Considering the code fragment arr[i + 1], a pattern variable $x matches just the single token arr whereas the pattern $x:expr matches the entire expression arr[i + 1]. Pattern class annotations only appear in patterns, not templates, so to support pattern classes in macrofication we move pattern class annotations from the pattern to the corresponding variables in the template prior to matching the template with the code.

Another difference between the algorithm in Fig. 3 and the implementation in sweet.js is the handling of the macro environment \(\varSigma \). The algorithm assumes that the macro definitions are clearly separated from the program and globally scoped. In contrast, sweet.js macro definitions are defined in the code and cannot be used unless in scope. The current implementation of the refactoring algorithm only supports global macros but could be modified such that the macro environment \(\varSigma \) respects the scopes of macro definitions.

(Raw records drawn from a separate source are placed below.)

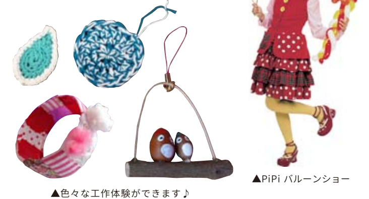
▲色々な工作体験ができます♪
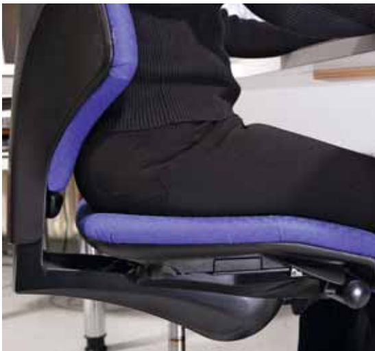
Bild 13 Lordosenstütze am oberen Beckenrand.

Durch das Bewegen der Wirbelsäule werden die Bandscheiben mit Nährstoffen versorgt. Das heisst, langes Sitzen ohne Bewegung sollte vermieden werden – auch wenn die Haltung noch so gut ist.
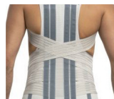
Ortesis Dorsolumbar Semirrigida OTD 020D TAYLOR
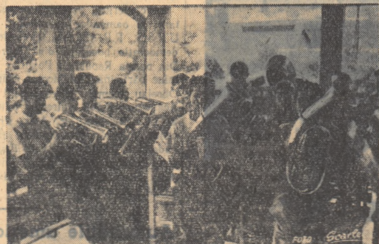
În timpul unei repetiții
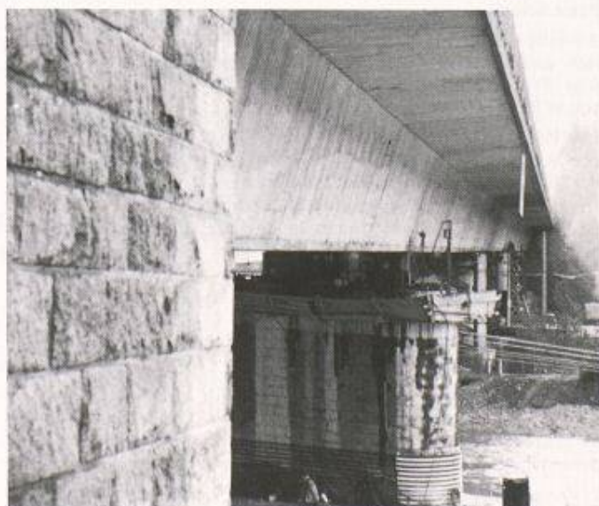
Bilder 1 und 2. Spannbetonüberbauten der Innbrücken in Kufstein über dem um 1,28 m abgesunkenen Flusspfeiler: vor (Bild 1) und nach dem Anheben in die ursprüngliche Lage (Bild 2).
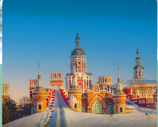
คฤหาสน์วอลก้า
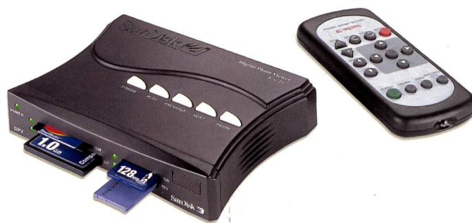
Die Funktionen lassen sich optimal mit der mitgelieferten Fernbedienung anwählen. Erfreulich deren verständliche Beschriftung in Deutsch.

schwach beleuchteten Räumen. Per Fernbedienung kann man die Fotos Ein- und Auszoomen, um Details besser betrachten zu können.
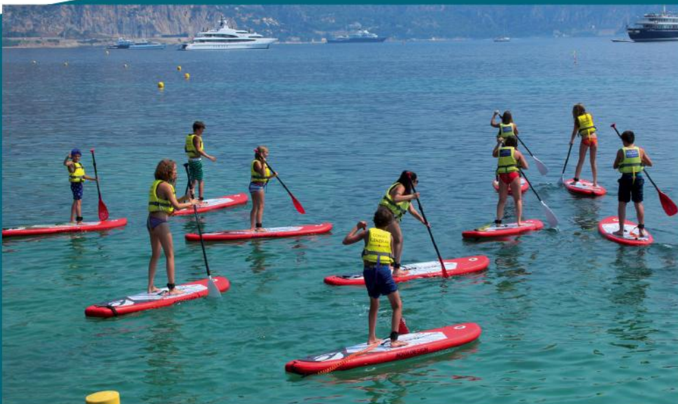
Le Centre de Loisirs du SIVOM en standing paddle

Outre les particuliers, habitants du pays ou touristes qui viennent goûter aux joies des sports nautiques dans la baie de Saint-Jean, le club nautique reçoit régulièrement les groupes d'enfants. Ils sont encadrés par l'École de la Mer, ou par le Centre de Loisirs du SIVOM.
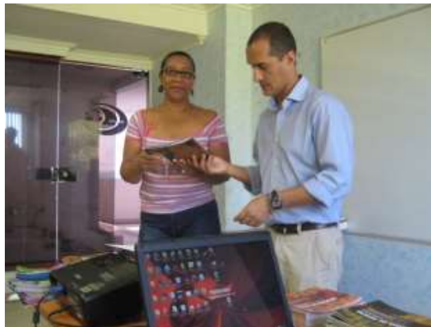
Fotografía: Omar D Martínez Artesanías de Colombia S.A Entrega de cartillas San Andrés Islas enero 2011

Aprovechando la coyuntura de los proyectos se hizo entrega del material didáctico a cada uno de los beneficiarios asistentes, que consistía en las memorias de oficio de las diferentes técnicas artesanales que se enseñaron y fortalecieron dentro del marco de los proyectos, se entregaron 4 cartillas por artesano, las restantes se dejaron en manos del representante legal de la cooperativa. Se entregó a la Señora Rosalee la cartilla para el manejo sostenible del Wildpine.
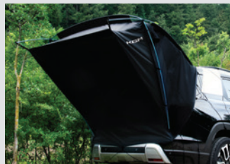
차박용 텐트 380,000원
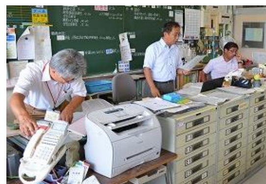
トップダウン研修「学校の当たり前」
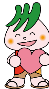
川口市社協マスコット 「社助」
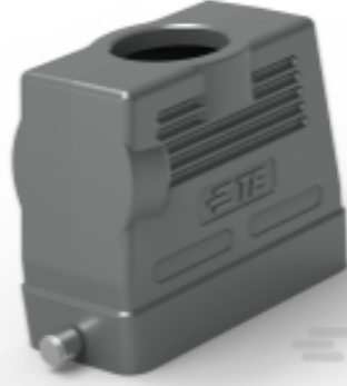
TE 产品编号T1340160125-000 H16B-TGH-RO-M25
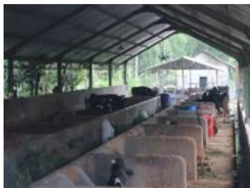
Lahan Perternakan dan Kandang Kelompok di KRB III (aman)
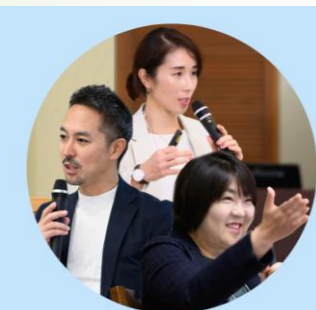
「ももも」 企業による森林サービスを活用した新たな価値づくりプロジェクト
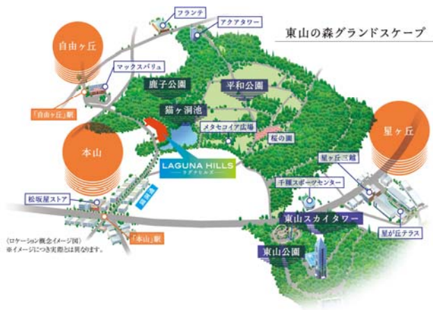
イメージ図：(左) 全体鳥瞰図、(上) 周辺地図
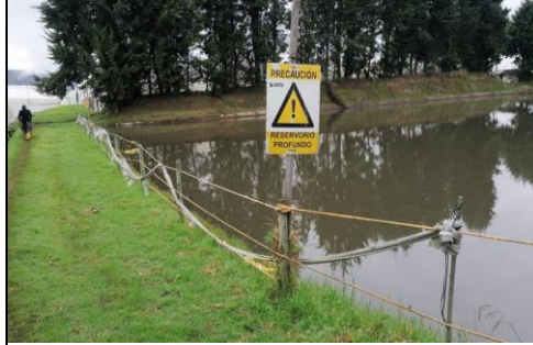
Fotografía 3. Verificaciones de planes de emergencia
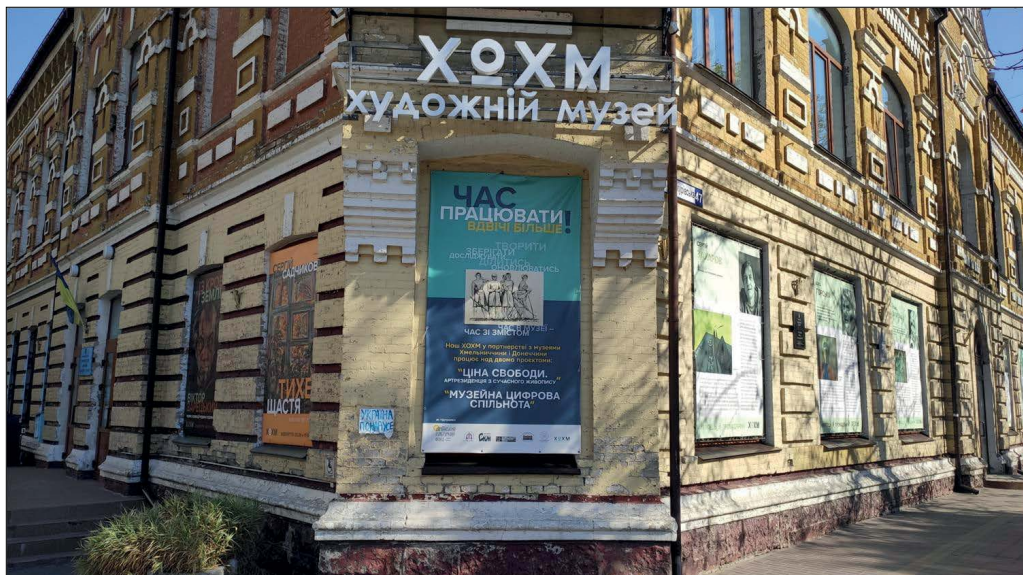
Рис. 19. Фасад ХОХМ, Хмельницький. Банер проєктів міжмузейної співпраці. 2023
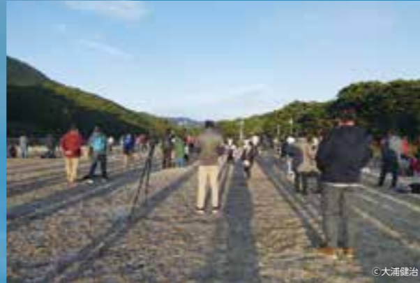
肝付町 IHI スペースポート内之浦
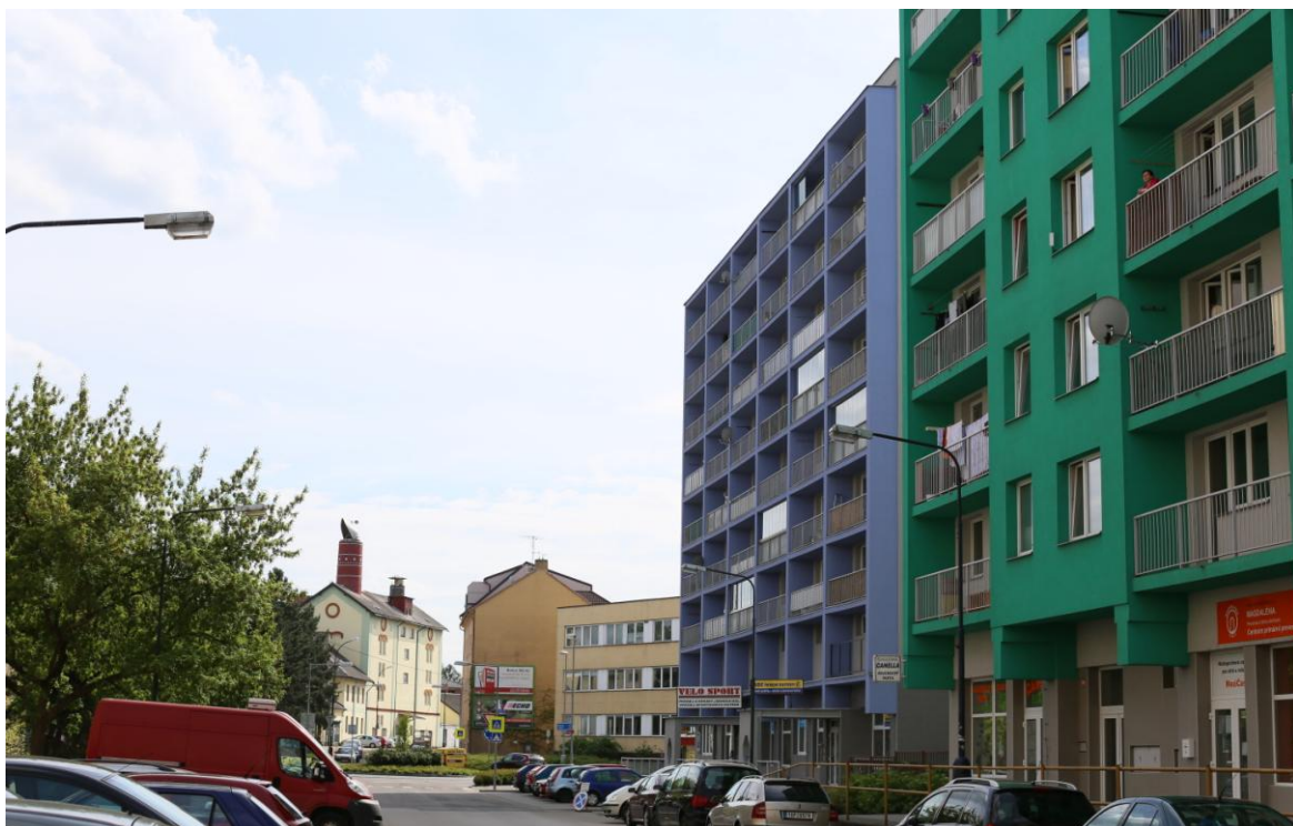
9. Současná podoba panelové výstavby v ulici Na Bezděkově
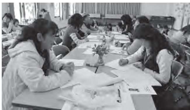
子育てを楽しまなくちゃ！
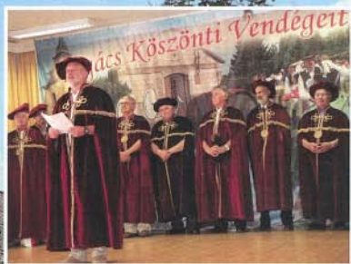
A XX. Borverseny szervezői a Szent Márton-Borrend tagjai voltak
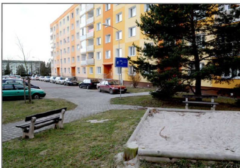
VNITROBLOK U BORSKÉHO PARKU REALIZACE: 2008, NÁKLADY: 14 701 000 Kč
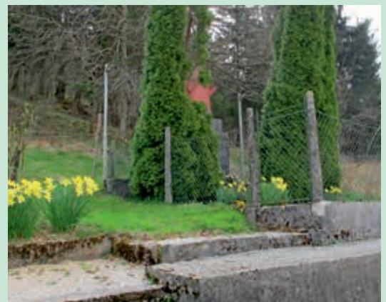
Kalce pri Logatcu – Grobišče hercegovskih partizanov, EŠD: 21526, Pred obnovo
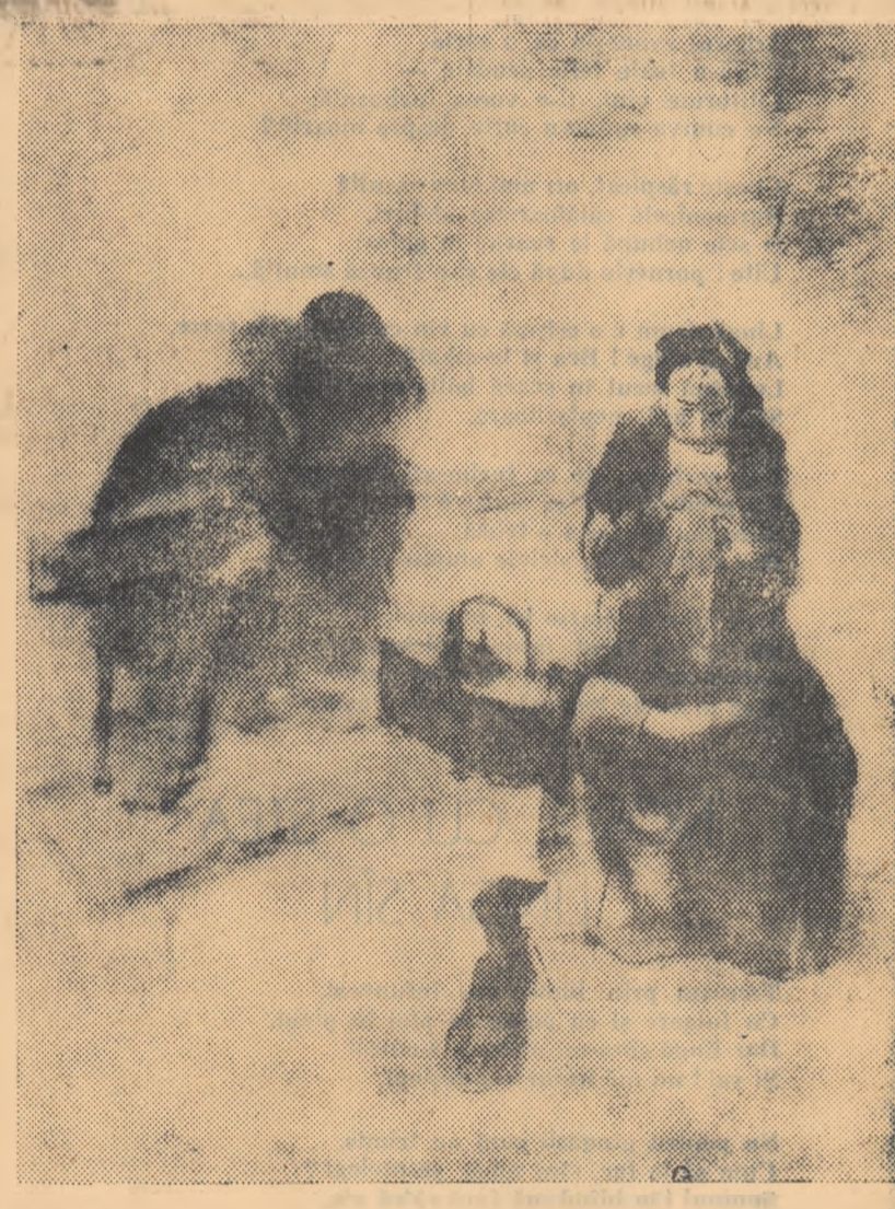
AUREL IJUIDI "Două lumi" (Expoziția interregională de artă plastică)
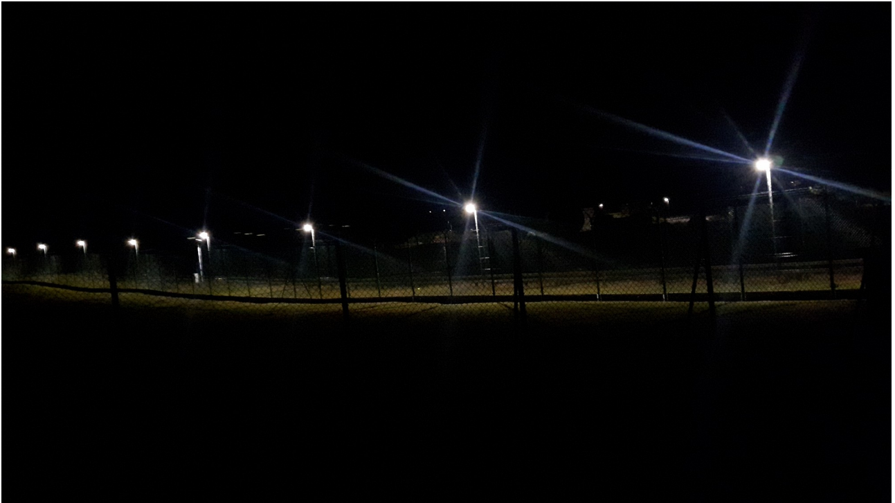
Base prise d'assez loin

The sweet.js refactoring tool is usable from the command line as well as in the web-based sweet.js editor. Figures 1 and 5 show screen shots of this editor integration. As discussed in Sect. 3, not all refactoring options actually improve the code and could be mutually exclusive. To solve this issue, the development environment displays all options by highlighting code and opening a pop-up overlay of the refactored code on demand. This integration provides unobtrusive visual feedback about refactoring opportunities but other ways to displaying these may be preferable if there is large number of macrofication candidates.
Fig. 5.

A sweet.js macro which expands a parallel let declaration to multiple single declarations. The editor automatically detects a refactoring candidate in line 5 and 6 and shows a preview of the substituted code.

7 Evaluation

We evaluated the utility and performance of the macrofication refactoring tool by performing a complex refactoring of a JavaScript library with a specifically tailored macro and second case study on a JavaScript project with a large number of existing macros.

7.1 Experimental Results

Macros can be used to extend the language with additionally facilities that are not part of the grammar. For JavaScript, one of the most requested language features is a declarative class syntax, which can be desugared to code with prototypical inheritance (see Fig. 1). Indeed, the most recent version of JavaScript (ECMAScript 2015/ES6 [23]) adds class definitions to the language6.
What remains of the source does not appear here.